Elective surgery was approved by the previous carrier’s pre-certification process, and the surgery was scheduled.
A member is receiving major ongoing treatment for an acute condition.
The previous carrier approved home health care and home IV therapy.
The previous carrier approved durable medical equipment.
A member is in a rehabilitation program.
A member has a life-threatening condition.
A member has a terminal illness.
 
Only medical care directly related to the condition for which the transition benefits have been granted will be paid at the in-network level. 
When an out-of-network provider is being treated as in-network, the Anthem nurse care manager will work with that provider and Anthem’s provider services department to negotiate case rates. 
The nurse care manager will individually manage participants with certain illnesses, injuries, treatments or medical conditions. If necessary, the nurse care manager will develop a transition plan detailing treatment and/or network physicians/clinics. 
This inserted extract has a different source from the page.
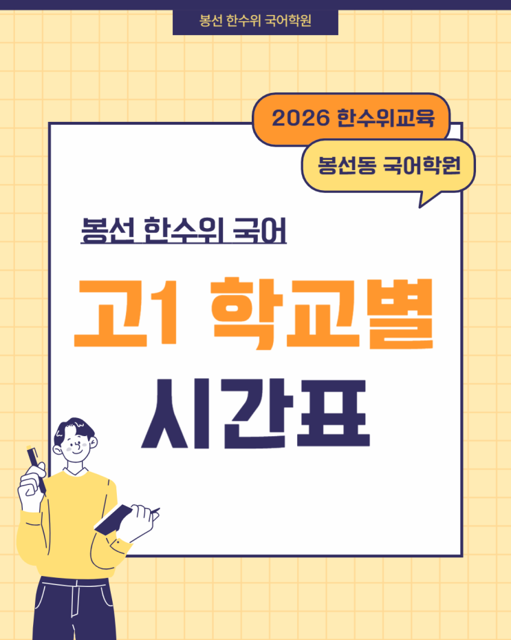 봉선동 국어학원 봉선동 고등국어 제 7133 호 안녕하세요. 봉선동 한수위 국어전문학원입니다. 겨울방학도 어느덧 중반을 지나며, 얼마 전 고등학교 배정이 모두 마무리되었습니다. 이제는 3월을 앞두고 고등학교 학습을 차근차근 준비해야 할 시기에 봉선동 한수위 국어학원의 3월 고1 시간표를 안내드립니다. 고등학교에 입학하는 순간부터 모든 시험은 단순한 평가가 아닌 입시의 기록이 됩니다. 중학교와 달리 고등학교에서는 매 시험 하나하나가 대학 입시에 직접 반영되며 그 결과는 이후 진로 선택과 대학 합격의 중요한 기준이 됩니다. 그럼에도 불구하고 많은 학생들이 “이제 막 고등학생이 되었으니 아직 여유가 있다”는 생각으로 고....... <img src="https://blogthumb.pstatic.net/MjAyNjAxMjlfMTA3/MDAxNzY5NjczNDQ5MDg1.Hg7qPXrcdRh5b0ZEdGnymvBtkqe-93h6rHa69rukCPUg.IMXpoMe2xQlC-Suu5PG47E2TayrVMG0B1C0aRaBEw9Ug.PNG/002.png?type=s3" />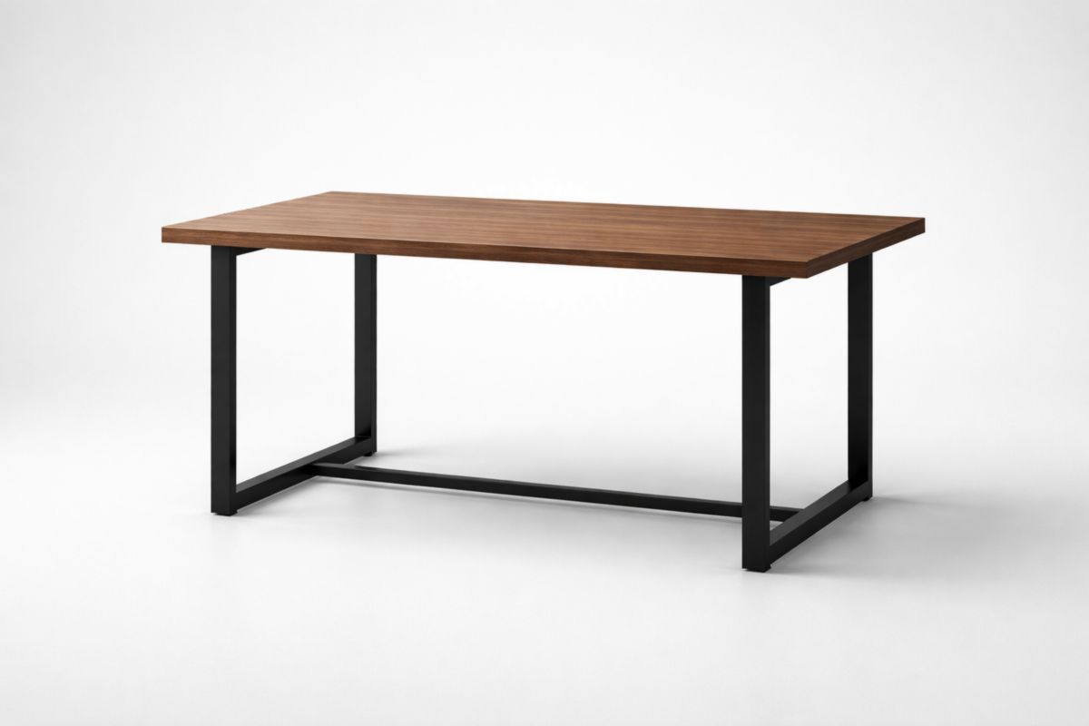 Questo tavolo rettangolare presenta un piano in legno di noce e una struttura in metallo nero. Misura 150 cm di lunghezza, 75 cm di larghezza e 75 cm di altezza. Ha una superficie liscia ed è caratterizzato da gambe rettangolari. Il tavolo ha una capacità di carico di 100 kg.

In all cases, the decisions will be made in the best interest of the patient and the medical care being provided. 
The following are examples of situations when Anthem will apply continuity of care guidelines: 
Situation 1: A member is currently receiving long-term treatment from an out-of-network provider for a catastrophic illness. 
Health care management department staff will identify these cases, and the designated Anthem care manager will manage them. Members may continue their care without interruption for the specific condition for which they are being treated. If the provider treating this patient was considered in-network by the previous carrier, in-network coverage will continue until the member may be transferred to an Anthem in-network Provider. However, these members will be transferred to Anthem in-network Providers if and when appropriate. To determine if benefits will be paid at the in- or out-of-network level, the assigned care manager will review each case individually. 
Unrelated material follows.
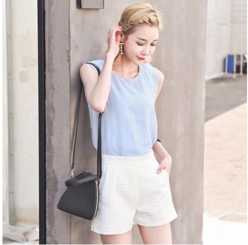 雪纺背心高腰阔腿短裤两件套女夏装时尚套装韩版潮2017新款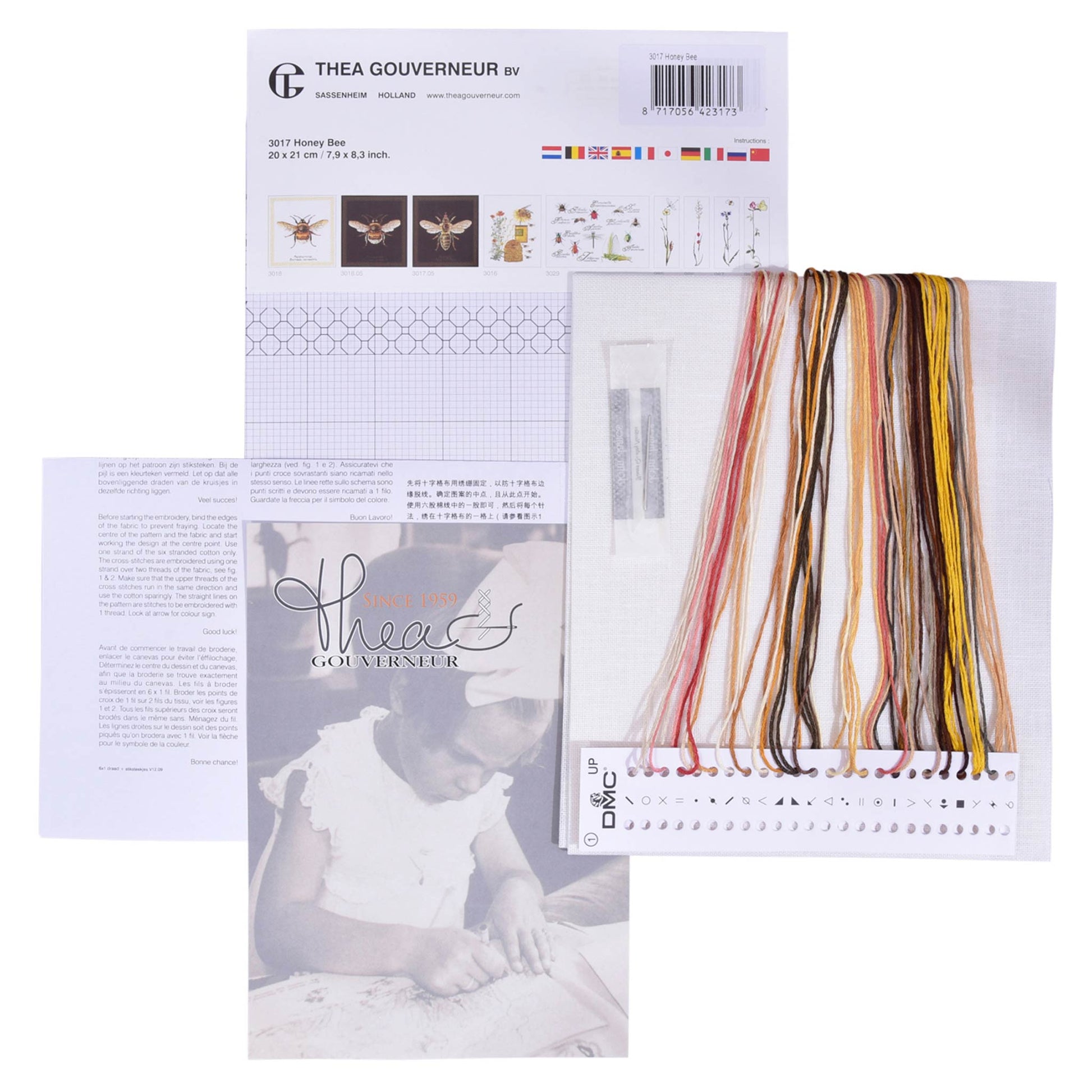 DESIGN: Nature-inspired designs are a highlight of the Thea Gouverneur cross stitch collection. This colorful counted cross stitch pattern features a beautiful detailled honey bee

Situation 2: A member is currently receiving treatment from an out-of-network provider (rehab, follow-up care, etc.) for a short-term illness. 
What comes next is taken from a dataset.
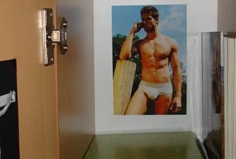 J’ai compris que quelque chose clochait quand je suis arrivé en salle des professeurs. J’ai d’abord remarqué les clins d’œil grivois des profs de français. Je me suis dit : “Tiens, il y a quelque chose de bizarre…” après quoi je vais m’asseoir. J’ai définitivement soupçonné quelque chose quand les profs d’EPS sont venus se frotter à moi sur les fauteuils avec leurs marques d’amitié ambiguës… J’ai scruté le visage Berrichon Masqué avec un air perspicace et charismatique comme Derrick quand il interrogeait les suspects, puis en sondant l’âme de cette pauvre créature, j’ai compris qu’il avait fait une connerie. Là il me regarde avec un air satisfait et il me dit : “Il est chouette ton casier… La décoration “poutres apparentes”, ça fait rustique !” Je me suis dirigé vers mon casier d’un pas calme et serein, j’ai ouvert la porte et j’ai vu ça :

If the previous carrier considered these services in-network, Anthem will also consider the services in-network if they can be completed one month after Anthem coverage becomes effective. If services will not be completed one month after the Anthem effective date, the nurse care manager will review the case and make a determination. The care manager works jointly with the physician and the member to make the best decision for the member. If the member chooses to remain with the out-of-network provider, the member will receive no benefits, including point-of-service benefits, if applicable. 
Situation 3: A member enrolled with Anthem is not utilizing in-network Providers. 
Anthem’s customer service will help these members select a physician and follow Anthem’s guidelines to obtain benefits. If continuity of care is needed, the case will be referred to a care manager. If a member chooses to use out-of-network providers and not follow the guidelines as detailed in the member’s certificate, that member will not receive in-network benefits. 
Situation 4: A member is currently receiving maternity care and is transferring to Anthem. 
If the member is seeing an in-network provider with her previous carrier, receiving prenatal care, and in or beyond the 20th week of pregnancy, Anthem will consider the current provider in-network. 
If the member is seeing an out-of-network provider with her previous carrier and this provider is not contracted with Anthem, and the member is receiving prenatal care and in or beyond the 20th week of pregnancy, Anthem will consider the current provider in-network. 
 
Appropriate Service and Coverage
Participating Providers and utilization management decision-makers are required to help ensure that utilization management decisions are based only on the appropriateness of care and service and the existence of coverage. Providers or other individuals are not compensated for issuing adverse decisions related to coverage or service care, and financial incentives for utilization management decision-makers do not encourage decisions that result in underutilization/adverse decisions.